The idea of a far off paradise is what drives a trio of orphans (Takeshi Kaneshiro, Masanobu Ando, and Hiroyuki Ikeuchi) to consider armed robbery, planning the slick kind of heist they’ve seen in the movies in which they run into off into the sunset with a bag full of cash after holding a bank to ransom. Of course, it doesn’t quite go to plan leaving the three essentially good-hearted guys with a problem because they weren’t really prepared to harm anyone (two of their three weapons are duds) and they don’t have a plan B. What happens then is somewhat unexpected as a degree of camaraderie begins to arise between the would-be-thieves and the small number of customers and employees trapped in the foyer who then become something of an artificial team trying to overcome the rapidly escalating situation as the police surround the building in the incorrect assumption that the robbery is connected to terrorist action. 

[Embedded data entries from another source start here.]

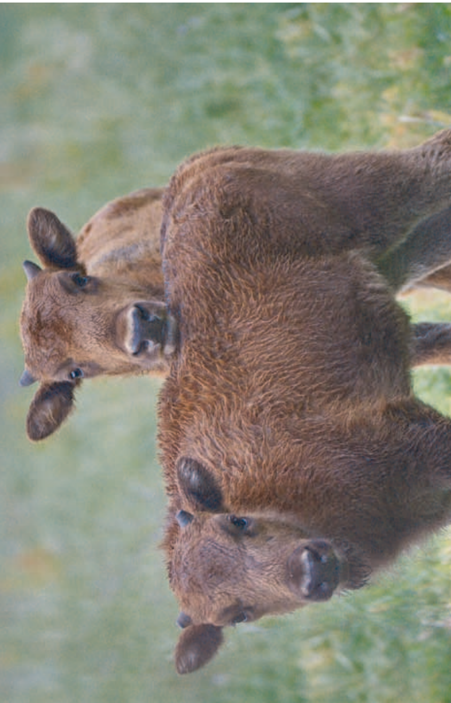
M 14717 SPAHN (in front) and M 14710 SPOVID

Springe, 11.07.2020
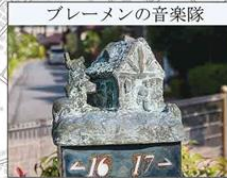
ブレーメンの音楽隊
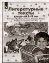
Литературные тексты для детей 2–3 лет. Учебно-наглядное пособие
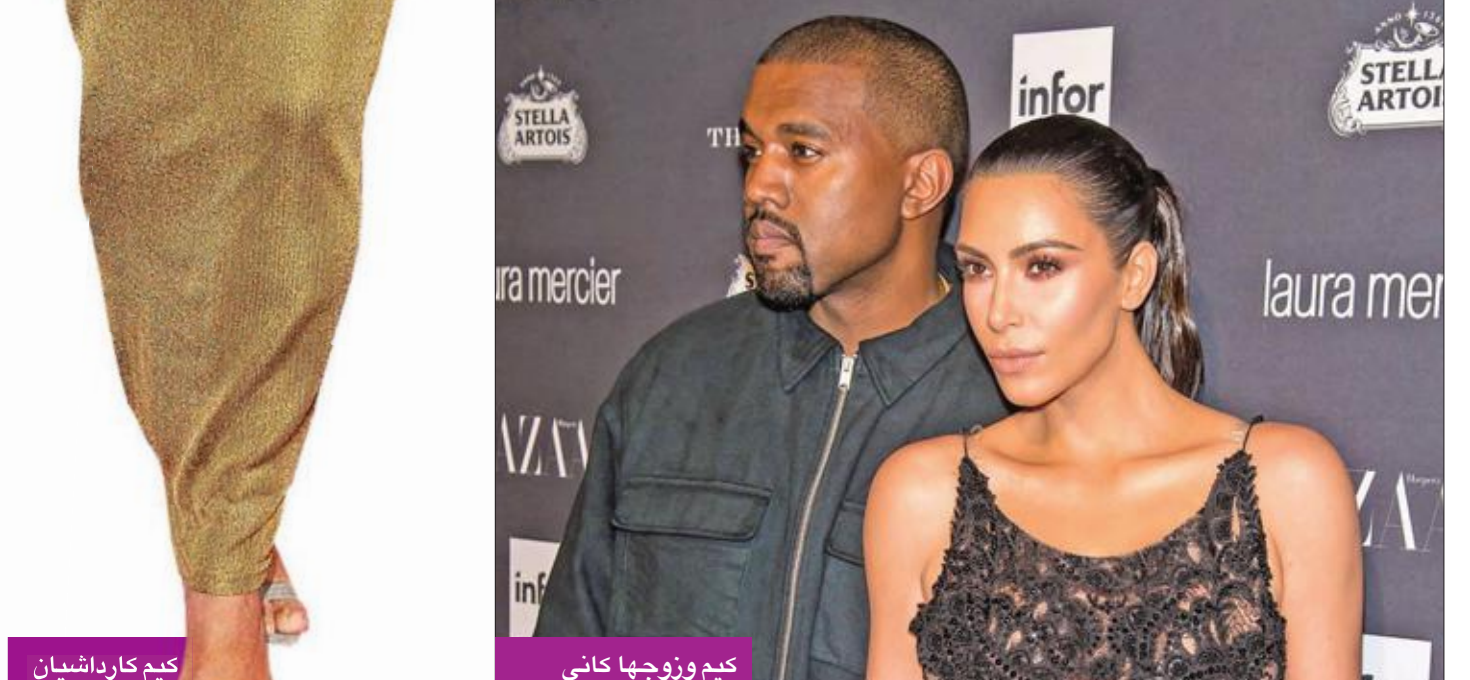
كيم وزوجها كاني

يذكر أن نجمة تلفزيون الواقع كيم كارداشيان سبق أن ظهرت على غلاف مجلة «Vogue» بنسختها العربية لشهر سبتمبر الجاري في

What soon becomes apparent is that for the trio the heist is part wish fulfilment fantasy and a last ditch attempt to catapult themselves out of a sense of impossible despair. As they are all orphans, they feel a deeper sense of disconnection from a society which has in itself abandoned them, partly as it turns out hoping to find their long-lost parents in a tropical island paradise known to them only from a faded postcard. For the customers and employees, the robbery is the most exciting thing to happen to them in their entire lives and the proximity to mortal danger soon forces them to wrestle with their personal dissatisfaction. Before the heist took place, bank clerk Midori (Eri Fukatsu) had been planning to attend a party to celebrate her engagement to another employee branded a sleazy creep by most of the other female members of staff with whom he had apparently tried it on on previous occasions. She had agreed to marry him despite her reservations because he had sworn to lay down his life for her if she were ever in danger only to spot him trying to escape on his own via the air conditioning ducts. Being caught up in this bizarre situation forces her to accept she had been leading a “conveyor belt life” out of fear, always picking the safe option rather than take a risk chasing personal happiness even picking a husband solely because he promised her protection. 

In the Japan of the 2000s, chasing personal happiness might have seemed like a fools errand trapped in a stagnant economy with no prospect of improvement and only increased risk if you fall from one particular rung on the ladder. Yet the conclusion Midori seems to come to is that the only way of rebelling against this sense of nihilistic frustration is to take the risk and look for the paradise that is waiting for her rather than settle for a disappointing status quo. She learns this partly through her connection with one of the bank robbers who casts each of the hostages as members of his favourite, now cancelled, anime “Space Travelers” created according to an onscreen interview to offer a sense of something tangible to an increasingly disconnected youth that would allow them to experience a full range of emotions (the animated sequences created for the film were later spun off into an OVA of their own). Through their accidental role playing, the hostages each discover the sides of themselves they’d been missing to claim their true identities, Midori learning that she can protect herself, nerdy clerk Shimizu (Masahiro Komoto) overcoming his crippling shyness, a middle-aged electrician flummoxed by modern technology proving that his skills aren’t obsolete, and a feuding couple on the brink of divorce reflecting that they actually do work well as a team. 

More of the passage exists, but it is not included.